Arithmetisations for recursive schemes

This is part of the article “Compiling to NIVC ZKVMs”. Feedback is welcome :slight_smile:

Motivation

An arithmetisation describes how computation is structured in order to make it easier to prove properties about that computation. While the simplest way of expressing a computation using fields is with arithmetic circuit, circuits are unstructured. This lack of structure makes it very difficult to implement SNARKS and motivates the quest for a suitable abstraction or arithmetisation.

When designing circuits, knowing which types of operations are required and how many times they are used in the circuit guides the design of the prover for most proving systems. In other words, the performance of a proof system may be constrained on the chosen arithmetisation. Some representations such as R1CS are more fixed, others like Plonkish are more granular. This granularity offers control and potential optimisation at the expense of overall complexity of the proving system as a whole.

In contrast to a general purpose proving system, a ZKVM with a fixed set of instructions allows us to tune the proving system to a particular circuit or set of circuits. This restrictions opens the door for further optimisation, as we’ve seen with STARK ZKVMs, where each prover is tailored to a particular ZKVM.

Recursive schemes offer a much larger room for optimising their provers. In choosing an arithmetisation for a recursive scheme, several factors must be taken into account:

  • Flexibility
  • Complexity

Since we are designing a compiler to ZKVMs, this compiler must understand the constraints of the IR or arithmetisation in order to optimise the efficiency of the prover.

R1CS

\textit{R1CS} uses constraints of the form Az \times Bz = Cz where A, B, and C are \textit{linear combinations} of variables and constants encoded in witness z.

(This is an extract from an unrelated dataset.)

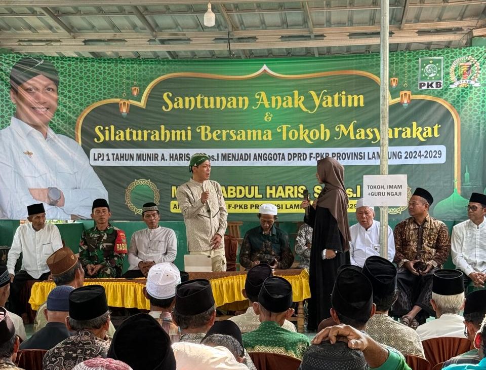LAMPUNG TENGAH – Anggota Komisi III DPRD Provinsi Lampung dari Fraksi Partai Kebangkitan Bangsa (PKB), Munir Abdul Haris, S.Sos.I, menggelar kegiatan santunan anak yatim dan silaturahmi bersama guru ngaji serta tokoh masyarakat.

Folding schemes such as Nova (and its successor SuperNova) only work over R1CS instances, while the HyperNova scheme is defined over CCS. As we’ll see, CCS is a generalisation of both R1CS and Plonkish. The folding scheme ProtoStar is itself a generalisation of Nova defined over CCS, and thus over Plonkish and R1CS.

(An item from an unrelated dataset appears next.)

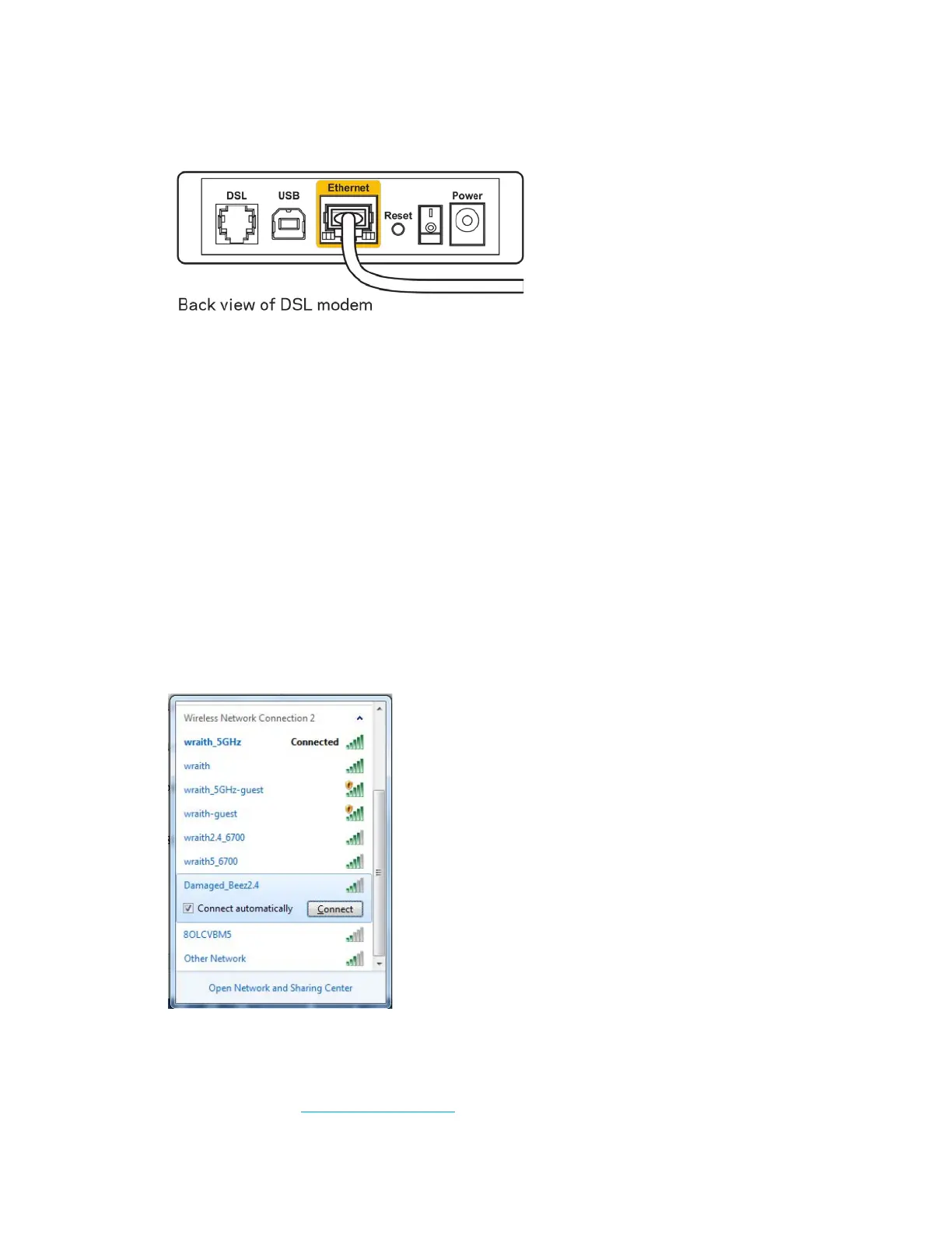 Hvis Internett-tjenesten er DSL, må du sørge for at DSL-linjen er koblet til modemets DSL-

Compared to other arithmetisations, the main property of R1CS is that it is simple. R1CS-based folding schemes such as Nova achieve most of the benefits of folding, but they can’t have gates. Custom gates are powerful but complex. However, lookups can arguably be used as an alternative to custom gates.

The simplicity of these folding schemes on top of R1CS derives from the simplicity of R1CS. From an engineering perspective, they are likely to be more efficient than Plonkish-based folding schemes on the get-go, in a naive implementation, but they have less room for optimisation.

AIR

Algebraic Intermediate Representation (AIR) is a particularly structured kind of Plonkish circuit, generally associated with STARKs.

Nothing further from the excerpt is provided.